Tutorial 3: Extracting Structured Data
Source:vignettes/tutorial-structured-outputs.Rmd
tutorial-structured-outputs.RmdIn Tutorial 2, you built a classifier that returns a single value. But real extraction tasks need multiple fields: names and dates, sentiment and confidence, entities and relationships.
In this tutorial, you’ll extract complex, structured data from text.
Time: 25-30 minutes
What You’ll Build
An entity extractor that pulls structured information from news articles and emails.
Prerequisites
- Completed Tutorial 2
-
OPENAI_API_KEYset in your environment
Step 1: Multiple Output Fields
So far you’ve seen single outputs like -> answer or
-> sentiment.
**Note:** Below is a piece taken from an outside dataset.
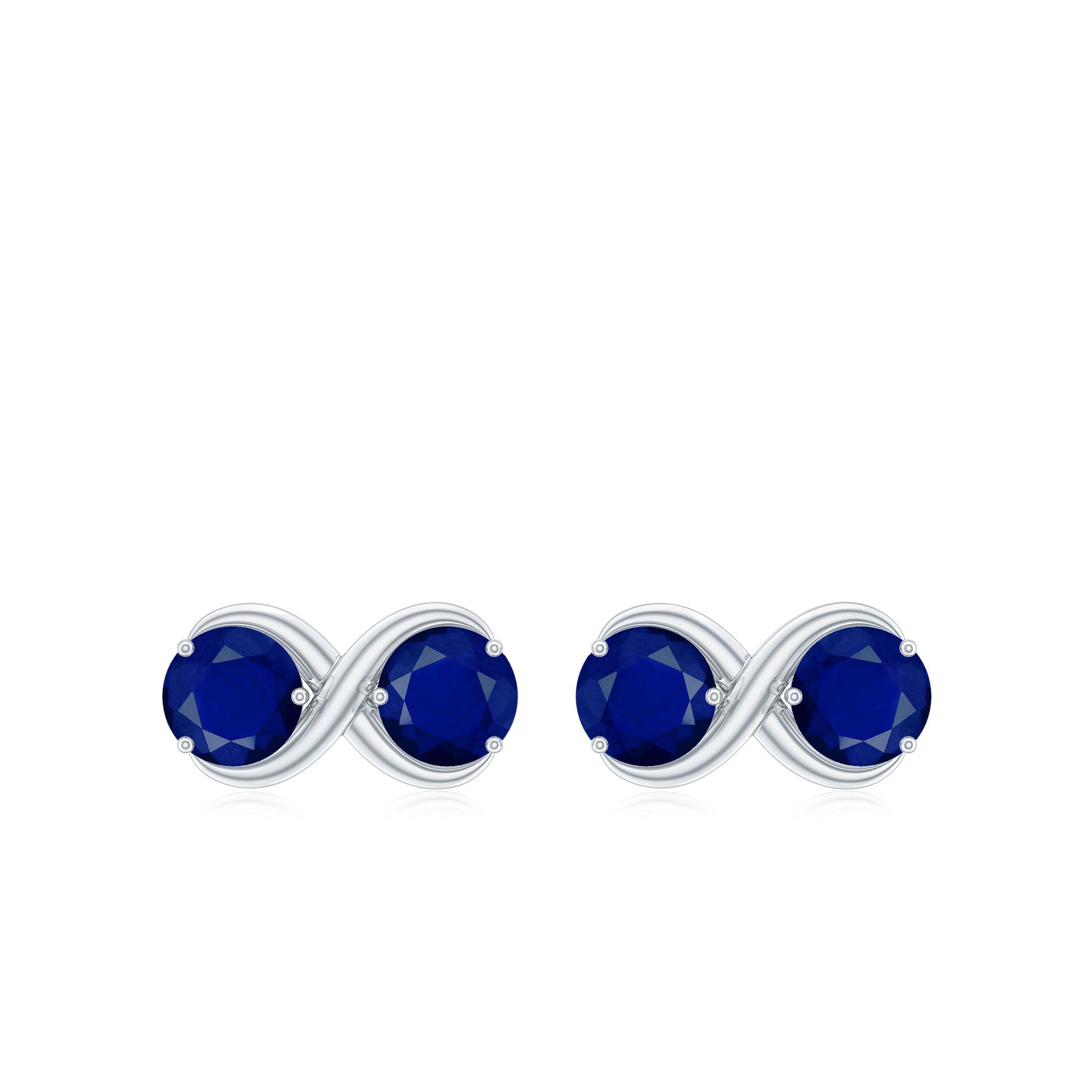 1.50 CT Simple Blue Sapphire Two Stone Infinity Stud Earrings
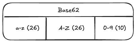 Short URL에는 Base62 인코딩을 적용하는데, 다음의 문자들로 구성된다.

Add more outputs with commas:
sig <- signature("text -> sentiment, confidence: number")
extractor <- module(sig, type = "predict")
run(extractor, text = "This product is absolutely fantastic!", .llm = chat)
#> $sentiment
#> [1] "positive"
#>
#> $confidence
#> [1] 0.98You get back both sentiment and confidence
in a structured result.
Try another:
run(extractor, text = "It was okay, nothing special.", .llm = chat)
#> $sentiment
#> [1] "neutral"
#>
#> $confidence
#> [1] 0.85Notice the confidence is lower for ambiguous text.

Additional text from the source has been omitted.